OUD Treatment in U.S. Carceral Institutions

The opioid crisis in the United States began in the mid-90s. Many things contributed to its growth, including Purdue Pharma’s release of the first FDA approved controlled-release opioid, OxyContin. Until that point, opioid pain medications were generally reserved for patients suffering from extreme pain, such as that caused by cancer. OxyContin’s release changed this. Purdue Pharma, controlled by the Sackler family, marketed OxyContin as a nonaddictive opioid, claiming that the slow-release mechanism in the drug removed its addictive qualities (Keefe, 2021). These marketing efforts led to dramatic increases in prescribing rates of what were, in reality, highly addictive opioids. In 2017, the U.S. Department of Health and Human Services declared, for the first time, that the opioid crisis was public health emergency, a declaration which was renewed in June 2024 (HHS). Over the more than two decades that this crisis has gone on, understanding of opioid use disorder (OUD) and addiction, and how to treat it has evolved. Specifically, there has been a slow but steady shift towards the understanding that medication can play an important, and often necessary, role in OUD treatment.

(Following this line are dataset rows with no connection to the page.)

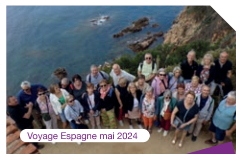
Voyage Espagne mai 2024

Si vous souhaitez nous rejoindre, n'hésitez pas à contacter les responsables d'activités ou la Présidente au 06-08-83-53-68, vous y serez les bienvenus.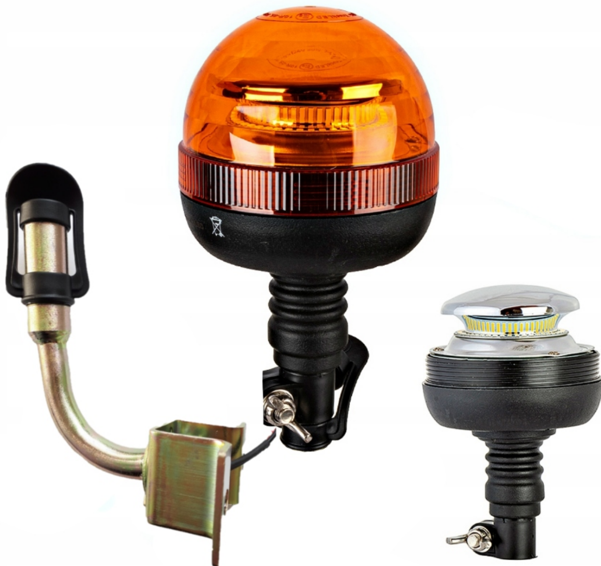
Lampa ostrzegawcza kogut 36 LED 12V 24V z uchwytem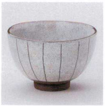
N330-19 白雪十草多用井 φ12.5×8.0cm 1,250円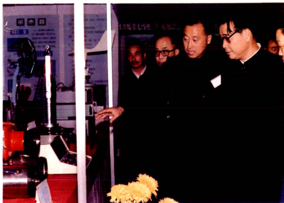
在“全国江河湖海仪器交易会”上,李鹏同志参观山东省科学院海洋仪器仪表所展品。(1984年)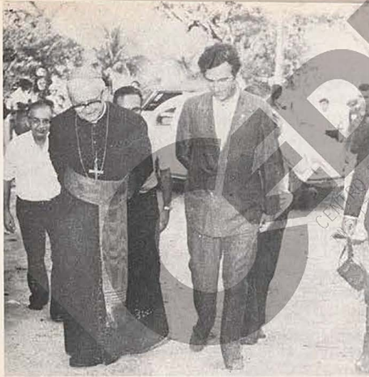
30 — Dia da Bíblia.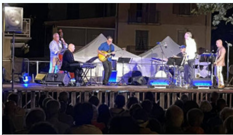
La culture à l'honneur avec les Estivales du département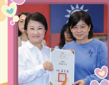
本所同仁榮獲111年度服務 稽核績優服務人員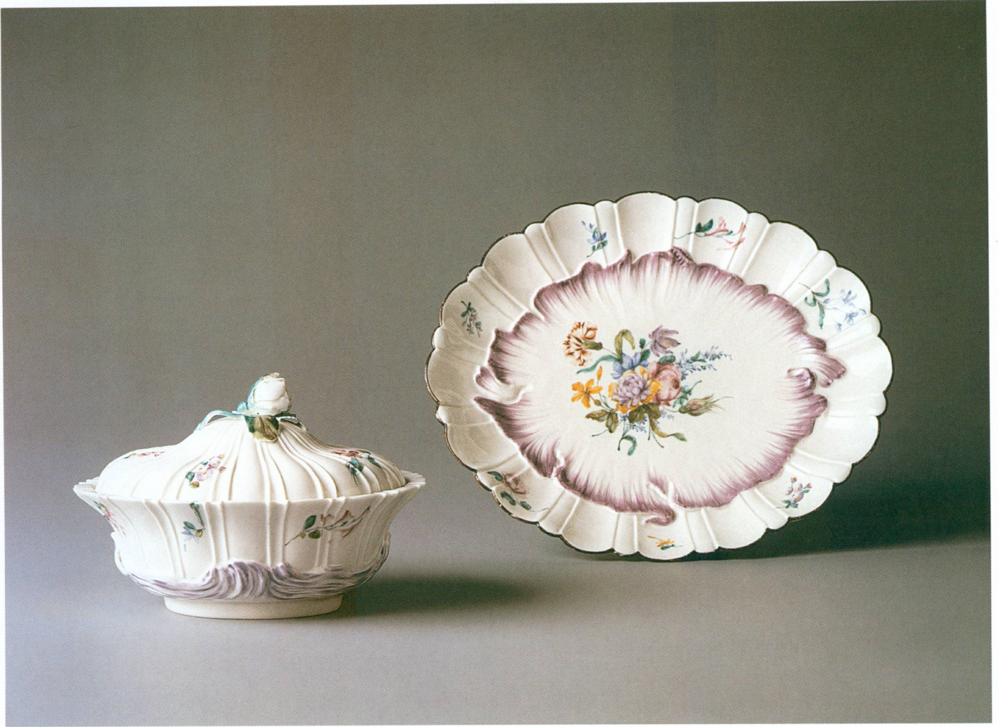
2. Manufacture de Chantilly | Sucrier de table et présentoir , vers 1755 | porcelaine tendre, décor peint aux émaux polychromes, larg. 24 cm (MA, inv. AR 2000-72)

The purpose of these website pages is to show how the opioid crisis and treatment of OUD is evolving in the context of the United States prison industrial complex, with a focus on the provision of medications for opioid use disorder (MOUDs). I seek to explore what the current state of the crisis looks like for incarcerated populations, why it is this way, and to propose a path forward that is rooted in an abolitionist approach to OUD treatment.

I root my analysis in the abolitionist framework proposed in Abolition. Feminism. Now. This theory argues for the eventual rejection of prisons as an acceptable place to house and treat those with substance use disorders. It defines abolition as a complete dismantling of the prison industrial complex. While I accept and agree with this definition, for the purpose of my argument I have chosen to redefine abolitionism in the in the context of OUD treatment in U.S. prisons.

I believe that to make an argument for the necessary short-term solutions to the crisis of addiction treatment in carceral spaces is to make an abolitionist argument because it is an argument that demands a transformation of the operating principles and attitudes present in prison. Prisons are, first and foremost, spaces of punishment. If someone is sent to prison it is because they have done something worth punishing. The implication, then, of sending people with substance abuse disorders to prison is that they are engaging in a behavior worth punishing. Their SUD is a moral failing rather than a disease needing treatment. This means that a carceral approach to substance use disorders is to punish, not to treat. I argue that this punishment often takes two forms: to deny or restrict available and necessary avenues for treatment within prison, and to do little, or nothing at all, in the release process for incarcerated individuals to ensure long-term recovery. Thus, in the short-term, an abolitionist approach to OUD treatment in carceral spaces means devoting any resources necessary to ensure complete access to MOUDs for those that need them, and implementing post-release policies that allow for continued use of MOUDs at the discretion of the formally incarcerated individual. 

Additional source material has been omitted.